The Lakers are not making the playoffs.
Some in Los Angeles probably think there is still a shot, but most of them also think their screenplay is just about to get picked up by a studio with Hugh Jackman attached to it. That and the Lakers in the postseason have about the same chance of happening.
With the trade deadline coming up in less than a month (Feb. 21), the temptation might be for the Lakers to make a move to bolster the team this season. They shouldn’t. Write this year off. They have to think long term. And I think the ever patient Mitch Kupchak or even Jim Buss are doing just that.
But that means they have some serious questions to answer about what kind of team this is going to be and whose team it is going to be. Any and all moves need to be based on the answers to these questions and to bring both the roster and coaching staff in alignment with these answers”
• What is the Lakers identity? Post players and defense? Up-tempo pick-and-roll heavy? Who are they?
• Can Los Angeles re-sign Dwight Howard and keep him as the future anchor of the franchise going forward?
• Can Howard co-exist with Mike D’Antoni in his system?

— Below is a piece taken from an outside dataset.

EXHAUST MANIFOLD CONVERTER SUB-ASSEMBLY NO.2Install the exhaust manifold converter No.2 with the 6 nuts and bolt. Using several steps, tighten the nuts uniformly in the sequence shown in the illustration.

The Lakers want to keep Howard and sign him to a max deal this summer — even in an off year coming off back surgery he is as good as any big in the league. And he’s going to get back to his old self (or close to it) at some point. He is absolutely still a guy you anchor a franchise around. The Lakers are Kobe Bryant’s team right now, but they can be Howard’s in a couple years.

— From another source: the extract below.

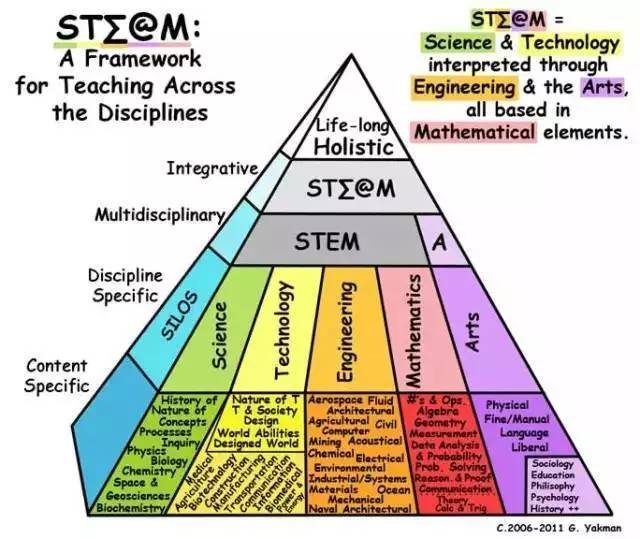 其实,STEAM教育就是在原有STEM教育基础上加入了“艺术”,包含较广泛的人文艺术科目,涵盖社会研究social studies 、语言language 、形体 physical 、音乐musical 、美学fine arts 和表演performing等。

On the other side of that equation, Howard, following his ugly exit from Orlando, isn’t doing anything this season to repair that damaged reputation. Packing up and becoming a free agent again certainly doesn’t help that. He gets more money in Los Angeles and he can win there, he’s likely going to stay.
But can he coexist with Mike D’Antoni?
And with that, how committed are the Lakers to D’Antoni? And to Steve Nash? Because if they truly are committed them, the Lakers need to make a lot of changes to the roster to get more athletic, to get younger and faster. That likely means a Pau Gasol trade at least. And they have to convince Howard to run a lot of pick-and-roll — and even then does he fit or just clog the lane. Howard is not a classic D’Antoni player in the least.

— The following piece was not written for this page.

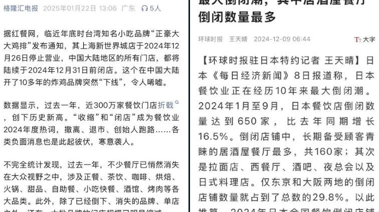 与此同时,环球时报援引日媒消息称,日本餐饮业也在经历十年来最大的倒闭潮,2023年1-9月,餐饮店倒闭数量达到650家。中日两国餐饮行业的困境反映了全球经济压力对餐饮行业的巨大冲击,尤其是在消费需求下降和运营成本增加的背景下,行业复苏面临巨大挑战。

But if Howard and D’Antoni can’t fit together, which side are the Lakers more committed to?
Adrain Wojnarowski reports at Yahoo that Howard is likely to re-sign in Los Angeles, but it is D’Antoni that gives Howard pause. And that D’Antoni has never been Howard’s biggest fan.
Frankly, in a star player vs. coach situation the player almost always wins because there just are not many of them in the NBA. There are maybe 10 guys who are true NBA franchise anchor players and Howard is one — you don’t trade him and you build around him with a system that fits.
There are a whole lot of unanswered questions in this post because there are a whole lot of unanswered questions about the Lakers. And there are many, many more but they are all offshoots of the big unanswered questions.
You can’t just slap a bunch of superstars together and call it a team, you need an identity to build toward. We don’t know what that identity is for the Lakers.
The Lakers need to go into the trade deadline and the summer thinking about next season and what they want the team to look like. You can’t build a skyscraper without a blueprint and right now the Lakers don’t seen to have one, just a lot of parts laying around the site waiting to be put together. Someone needs to be the architect.